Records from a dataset
------
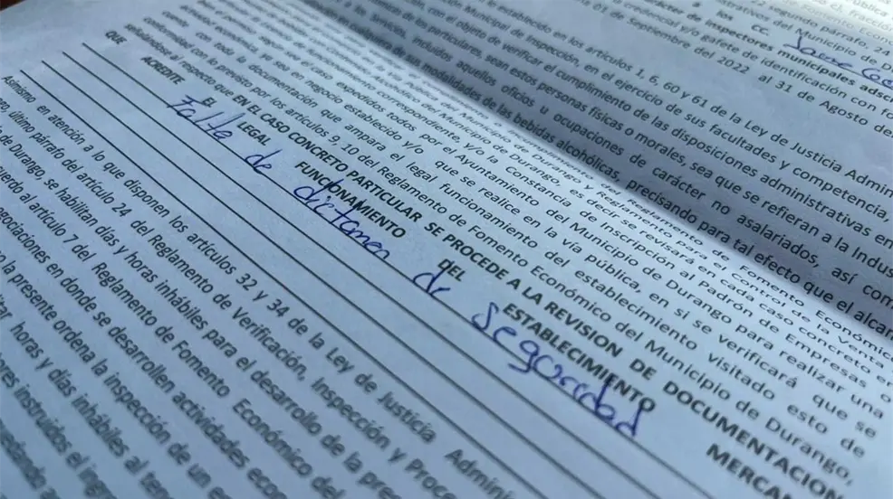 DURANGO, Durango.- Durante los recientes operativos que se realizan habitualmente por parte de Inspectores Municipales, se han detectado negocios los cuales no han tenido su papelería en regla.
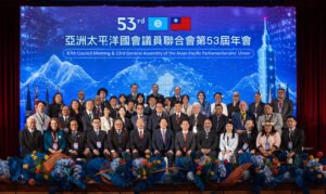 總統致詞時,首先代表中華民國臺灣政府及全國人民歡迎各國貴賓不遠千里來臺參加APPU第53屆年會。並提到,APPU的前身為「亞洲國會議員聯合會」(APU),由日本前首相岸信介在1965年倡議創辦成立,今年已邁入第60年,臺灣能主持此一歷史性年會,深感榮幸。同時感謝立法院韓國瑜院長、江啟臣副院長與朝野各黨派委員承擔此重責大任,以及APPU多年來讓各國國會議員透過這個平台,進行國會外交與交流合作,促進亞洲繁榮與進步。
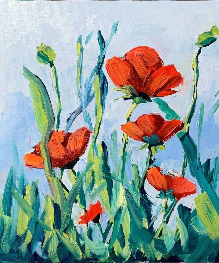Red poppies flowers. Botanical floral oil painting. This is one of a kind original oil painting. ►100% handmade oil painting on canvas board ►Dimensions: 30 x 24 x 0.3 cm (unframed) ►To see the details of the painting; please click "ZOOM" to enlarge the images. ►It is made in an impressionistic st...
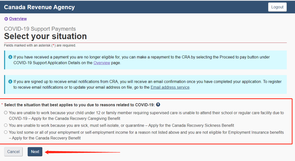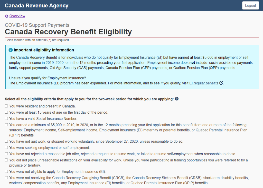 (9)你没有获得加拿大康复护理福利(CRCB)、
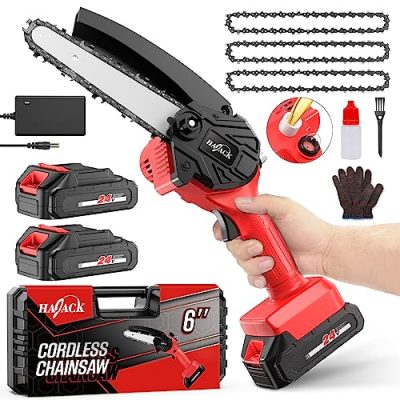 The HAJACK Mini Chainsaw 6-Inch is a versatile and handy tool for any outdoor enthusiast or homeowner. Its compact size and powerful cutting ability make it perfect for trimming trees and cutting wood with ease. The inclusion of spare chains, batteries, and other accessories ensures that you have everything you need for uninterrupted work. While it may have some minor drawbacks like short battery life and occasional issues with the safety button and charger, overall, it delivers reliable performance. Whether you’re clearing fallen branches after a storm or maintaining your garden, the HAJACK Mini Chainsaw is a valuable addition to your toolkit.
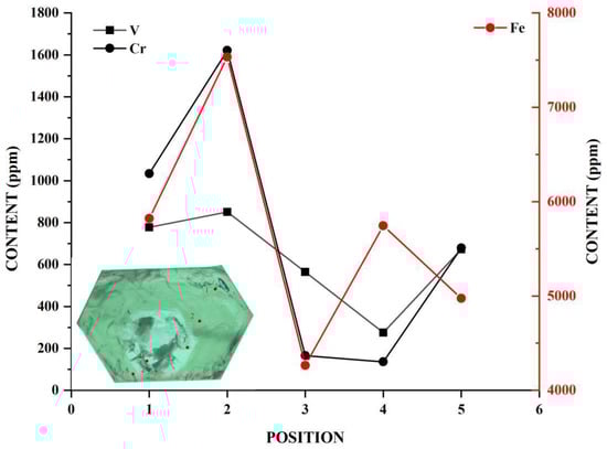 In the emerald of the Panjshir Valley in Afghanistan, the content of transition metal elements is high, and Cr, V, and Fe may contribute to the color. Among them, Cr = 136.02–3896.84 ppm, with an average value of 1838.44 ppm; V = 275.03–1687.07 ppm, with an average value of 765.53 ppm; and Fe varied from 3173.22–15,030.29 ppm, with an average value of 4458.49 ppm. Cr/V range spans 0.3 to 3.7. Except for A-20, the content of Cr in all samples was higher than that of V.
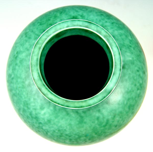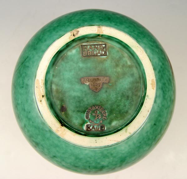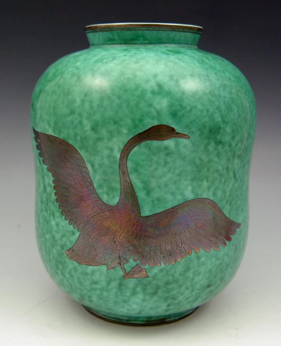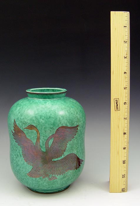 KAGE FOR GUSTAVSBERG ARGENTA SILVER OVERLAY VASE: Argenta vase designed by Wilhelm Kage for Gustavsberg. Silver overlay geese. 7''h.
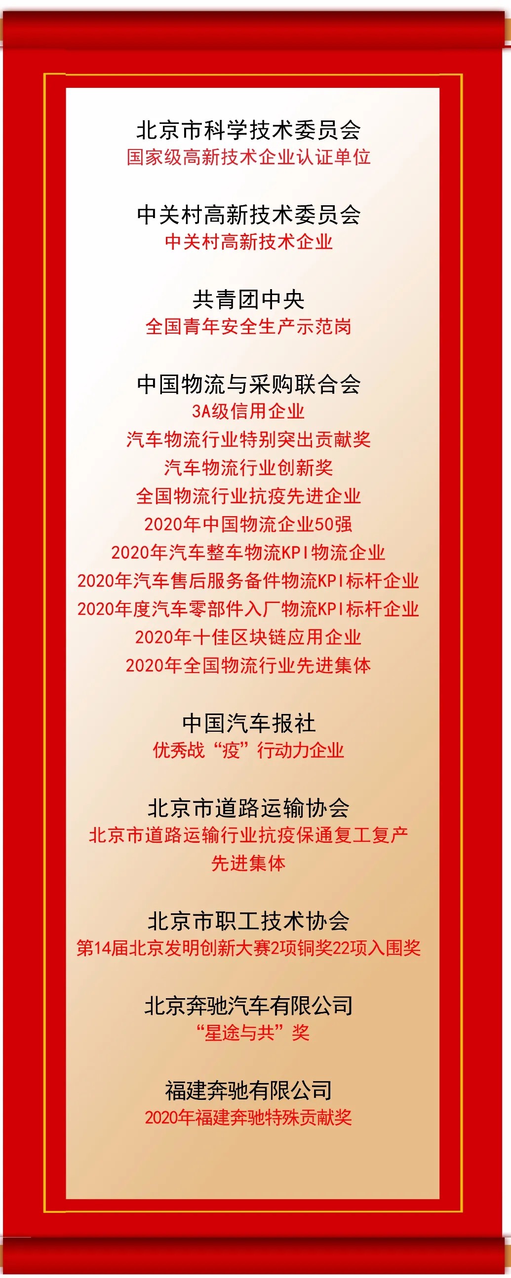 速度見證實力,進取締造輝煌。作為專業(yè)的供應鏈一體化物流服務商,中都物流多次以匠心品質(zhì)成功護航國家閱兵檢閱車運輸任務,獲得中國物流行業(yè)最具投資價值企業(yè)、汽車物流行業(yè)創(chuàng)新獎、汽車物流行業(yè)十年特別突出貢獻企業(yè)、北京市年度“交通安全先進單位、先進集體”等榮譽。2020年更是獲得了中國汽車企業(yè)戰(zhàn)“疫”行動力企業(yè)稱號,中都人正以自己的智慧與汗水,致力于成為科技驅(qū)動型智慧物流企業(yè),為客戶提供專業(yè)服務方案,為員工創(chuàng)造美好生活,為行業(yè)科學有序發(fā)展貢獻力量。
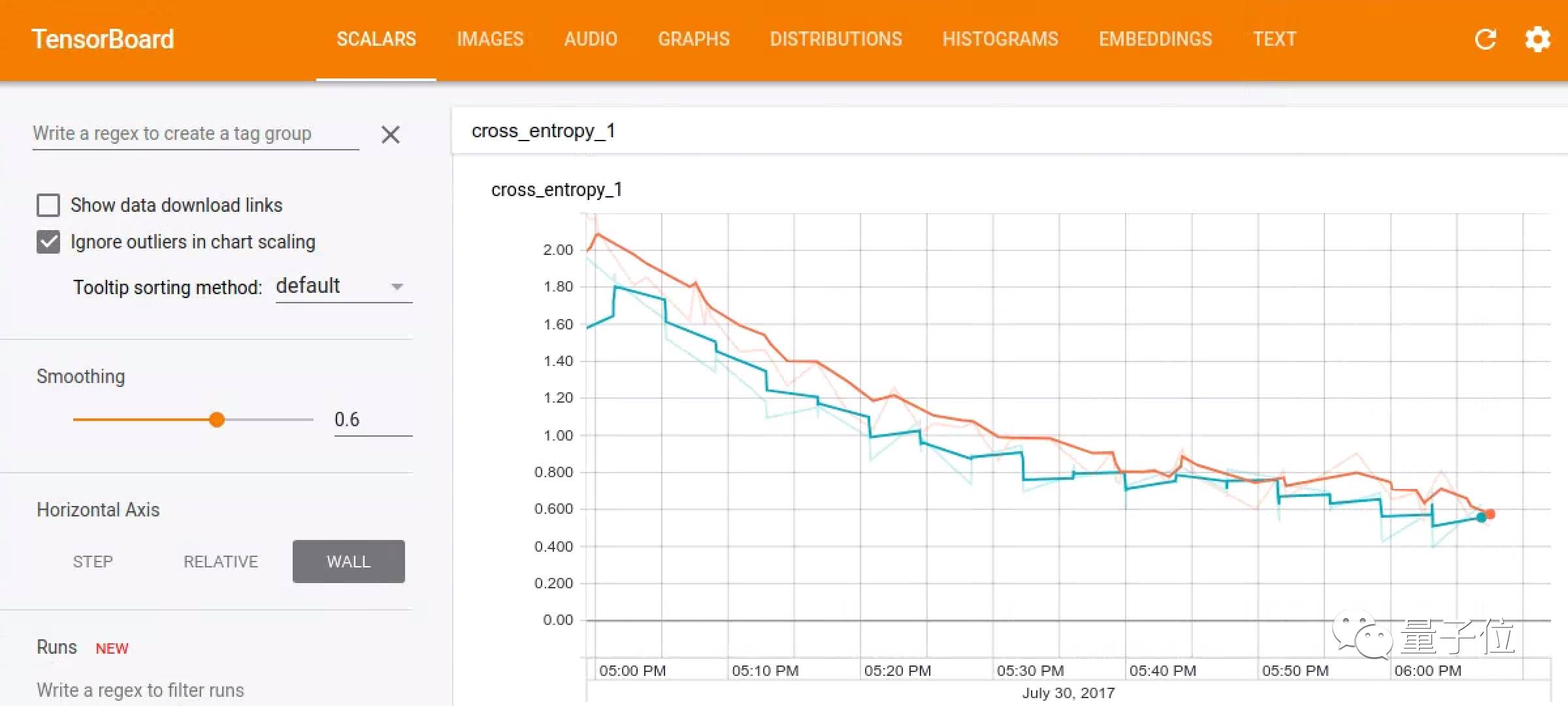 然后在浏览器中打开http://localhost:6006,就能看到模型训练情况的图表:
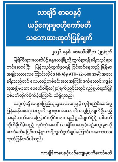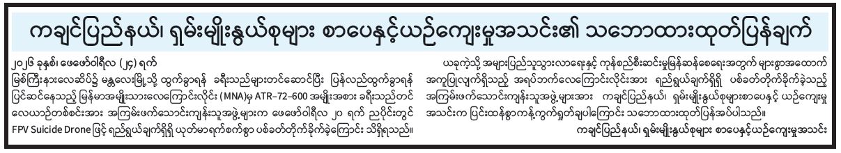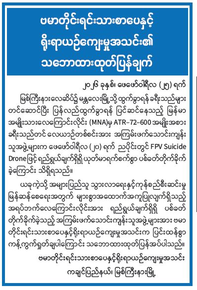 မြစ်ကြီးနားလေဆိပ်မှ ခရီးသည်တင်လေယာဉ်အား KIA အဖွဲ့နှင့် PDF အမည်ခံ အကြမ်းဖက်သောင်းကျန်းသူ ပူးပေါင်းအဖွဲ့များက ယုတ်မာပက်စက်စွာ FPV suicide drone များဖြင့် ပစ်ခတ်တိုက်ခိုက်ခဲ့မှုအပေါ် ပြင်းထန်စွာ ကန့်ကွက်ရှုတ်ချကြောင်း သဘောထားထုတ်ပြန်ချက်များ ထပ်မံထုတ်ပြန်
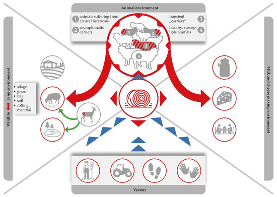 Listeriosis of small ruminants is well documented and there is a numerous number of case studies, including two comprehensive review articles. However, case studies focusing on the impact on milk processing are scarce [18,76,77] (Figure 1). The disease is clearly and most commonly caused by oral infection, but other entrance sites, such as the conjunctiva, microlesions of the skin, buccal and genital mucosa, or the teat canal have also been described [89]. After oral infection, L. monocytogenes is able to colonize the gastrointestinal tract. Animals either become asymptomatic carriers or they develop mild symptoms of a self-limiting enteritis. In both cases, the bacterium is shed with the faeces and is able to heavily contaminate the farm and milk processing environment (Figure 3), [4]. The interplay of environmental reservoirs outside the farm and of vectors and the farm animals is shown in Figure 3. Notably, the excretion of L. monocytogenes by the farm animals is not only a food safety and herd health issue, but can also contribute to infection of wildlife.
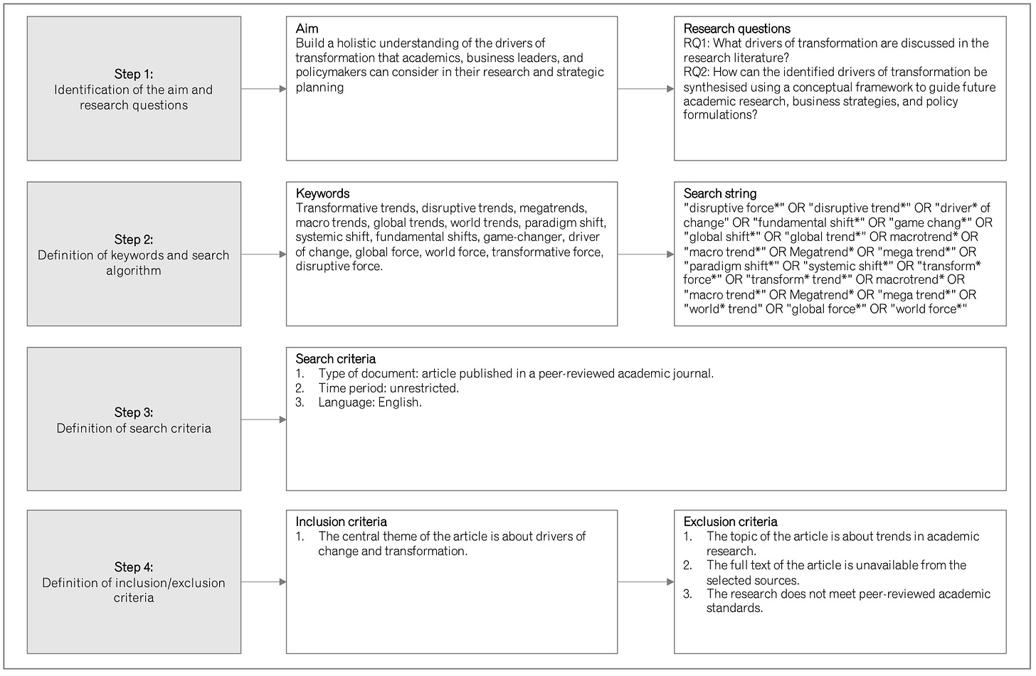 I used a systematic review of the global research literature to identify every driver of transformation discussed across economics, technology, policy, medicine, the environment, geopolitics, and social change.
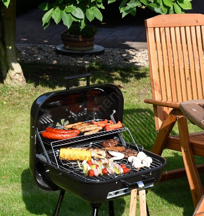 • Grillen är utrustad med justerbar ventilation och för själva tillagningen av dina delikatesser är den utrustad med ett galler tillsammans med ett förvaringsfack av förkromat stål.
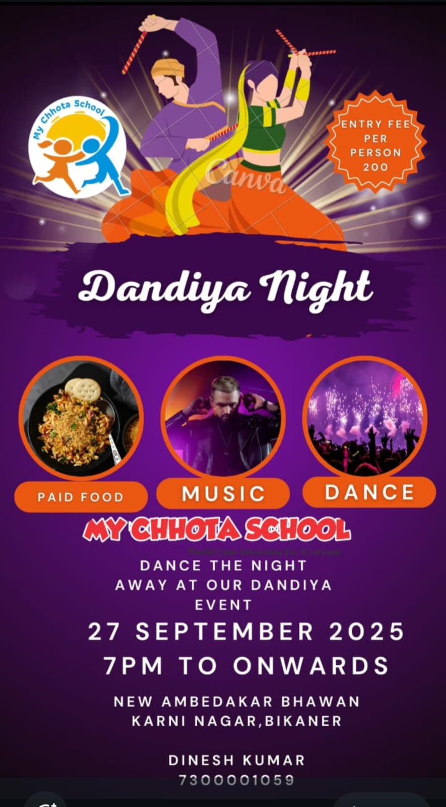 ***बीकानेर, 26 सितंबर 2025:* “माय छोटा स्कूल” द्वारा शारदीय नवरात्रि के उत्सव को धूमधाम से मनाने के लिए 27 सितंबर 2025 को डांडिया नाइट का आयोजन किया जा रहा है। यह कार्यक्रम शाम 7 बजे से न्यू अंबेडकर भवन, करणी नगर, बीकानेर में आयोजित होगा।प्रवेश शुल्क प्रति व्यक्ति 200 रुपये निर्धारित किया गया है। आयोजन में भुगतान पर भोजन, लाइव संगीत और पारंपरिक डांडिया डांस का आनंद लिया जा सकेगा। इस दौरान प्रतिभागी स्वादिष्ट भोजन, मंत्रमुग्ध कर देने वाले संगीत और जोशीले नृत्य का लुत्फ उठा सकेंगे। डांडिया नाईट मे प्रवेश हेतु कार्यक्रम संयोजक दिनेश कुमार से उनके दूरभाष नंबर 7300001059 पर सीधे सम्पर्क किया जा सकता है।
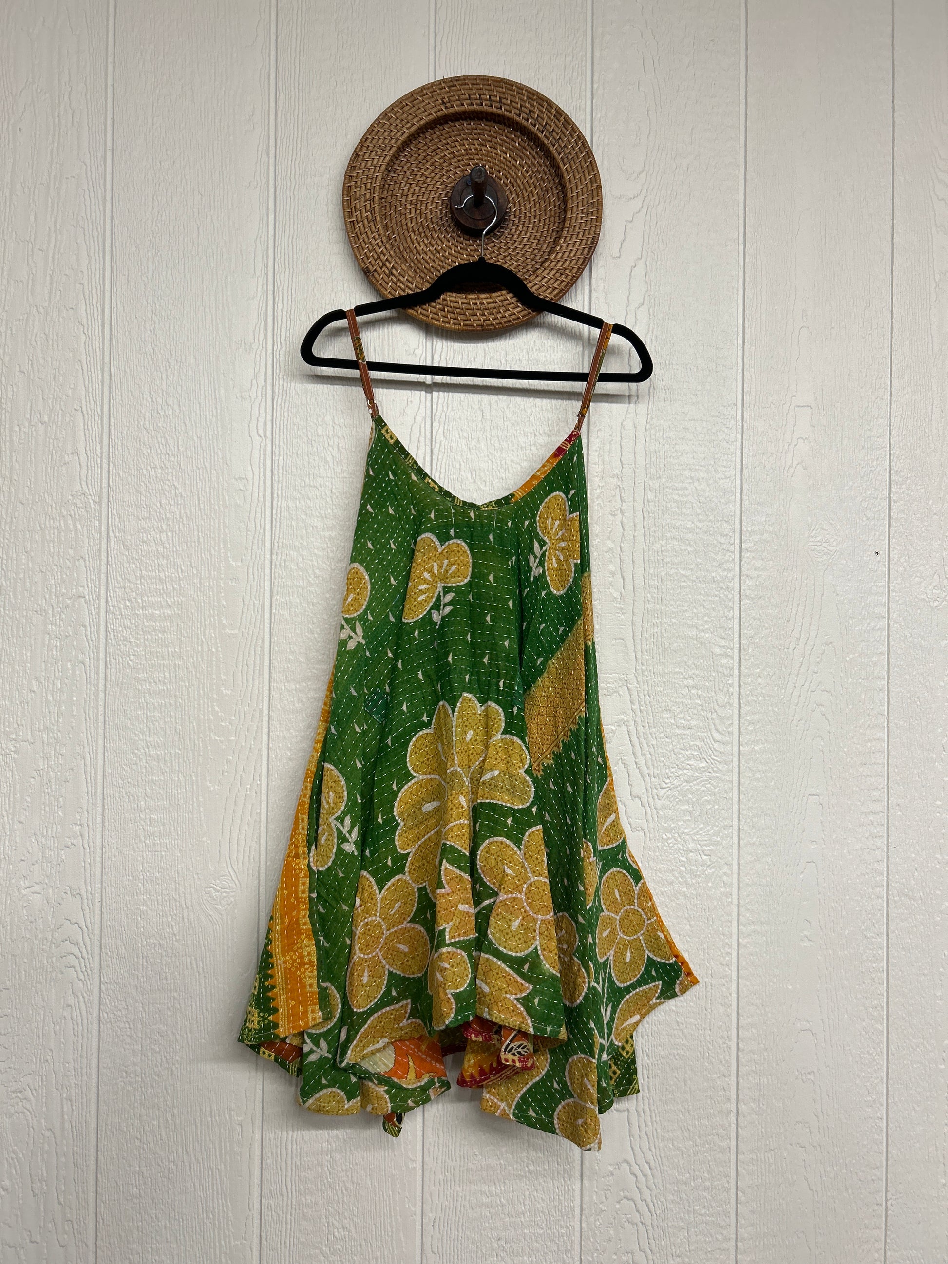 Crafted from our ultra lux cotton Kantha stitch sari the Moonchild Mini Dress features adjustable straps, interior pockets and an exaggerated sweep for extra dimension. A total vibe whether you wear as a layering piece under your favorite Kantha Bae pieces or on it's own.
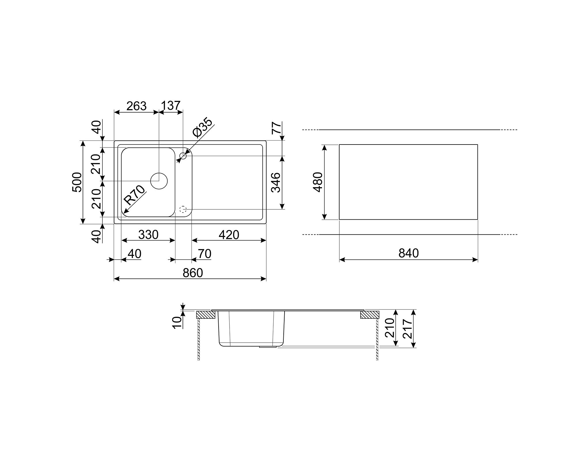 Matmenys: 860x500 mm dubens 330x420 mm dubens gylis 210 mm lengvas valymas paviršius atsparus įbrėžimams apsauga nuo perpylimo uždaromas ventilis 3,5" balta spalva montuojama į min. 45 cm spintelę
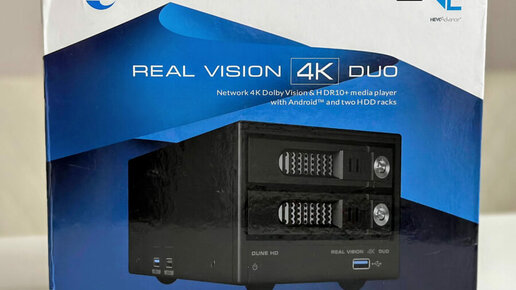 Несмотря на рост популярности онлайн-кинотеатров и стриминговых сервисов, количество людей, предпочитающих хранить мультимедийный контент у себя дома, остается весьма заметным. А в 2022 году их еще и прибавилось. Именно для таких старомодных киноманов и аудиофилов Dune HD выпустила плеер Real Vision 4K Duo, внутрь которого можно поставить целых два жестких диска объемом до 16 Тбайт каждый. Экстерьер плеера заставляет предположить, что из него получится и замена домашнему NAS’у. Давайте разберемся, что он может на самом деле...
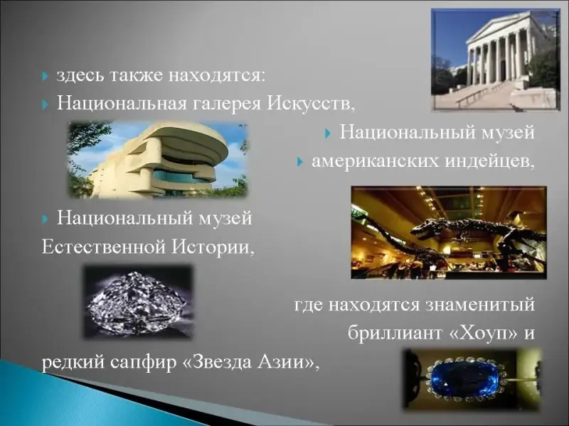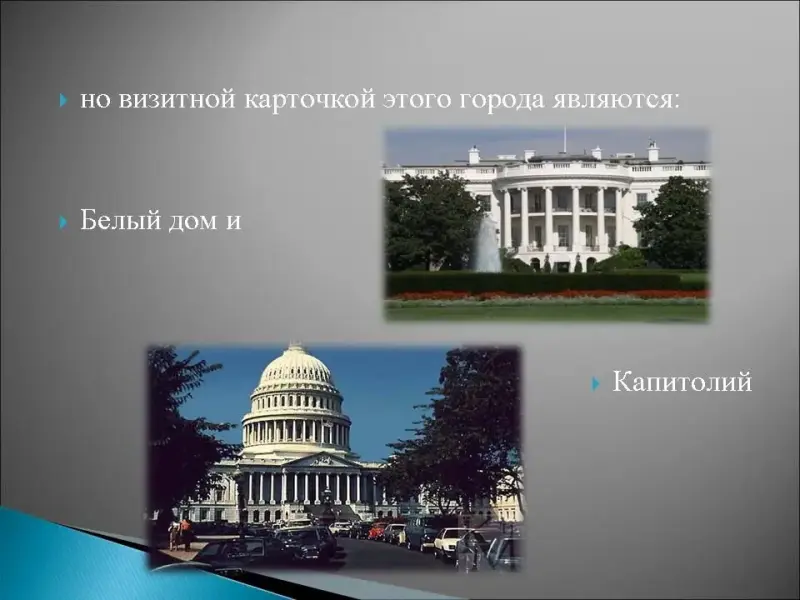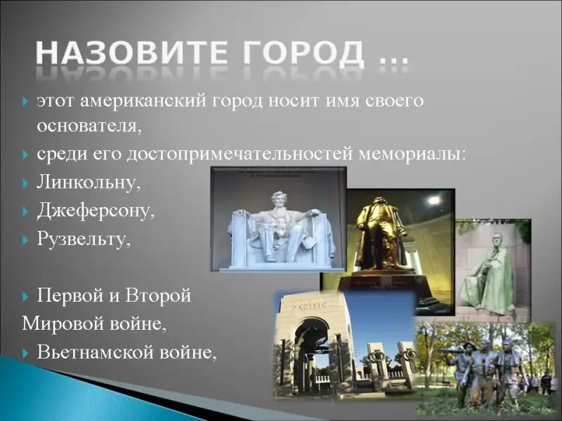 8. Этот американский город носит имя своего основателя, среди его достопримечательностей мемориалы: Линкольну, Джеферсону, Рузвельту, Первой и Второй Мировой войне, Вьетнамской войне, здесь также находятся: Национальная галерея Искусств, Национальный музей американских индейцев, Национальный музей Естественной Истории, где находятся знаменитый бриллиант "Хоуп" и редкий сапфир "Звезда Азии", но визитной карточкой этого города являются Белый дом и Капитолий
------
**TASK TO COMPLETE**
Starting at the first line of the data, set down each line exactly until you have copied the line with "(9)你没有获得加拿大康复护理福利(CRCB)、", but leave the pictures out.

**RESULT FOR THIS EXERCISE**
 DURANGO, Durango.- Durante los recientes operativos que se realizan habitualmente por parte de Inspectores Municipales, se han detectado negocios los cuales no han tenido su papelería en regla.
 總統致詞時,首先代表中華民國臺灣政府及全國人民歡迎各國貴賓不遠千里來臺參加APPU第53屆年會。並提到,APPU的前身為「亞洲國會議員聯合會」(APU),由日本前首相岸信介在1965年倡議創辦成立,今年已邁入第60年,臺灣能主持此一歷史性年會,深感榮幸。同時感謝立法院韓國瑜院長、江啟臣副院長與朝野各黨派委員承擔此重責大任,以及APPU多年來讓各國國會議員透過這個平台,進行國會外交與交流合作,促進亞洲繁榮與進步。
Red poppies flowers. Botanical floral oil painting. This is one of a kind original oil painting. ►100% handmade oil painting on canvas board ►Dimensions: 30 x 24 x 0.3 cm (unframed) ►To see the details of the painting; please click "ZOOM" to enlarge the images. ►It is made in an impressionistic st...
 (9)你没有获得加拿大康复护理福利(CRCB)、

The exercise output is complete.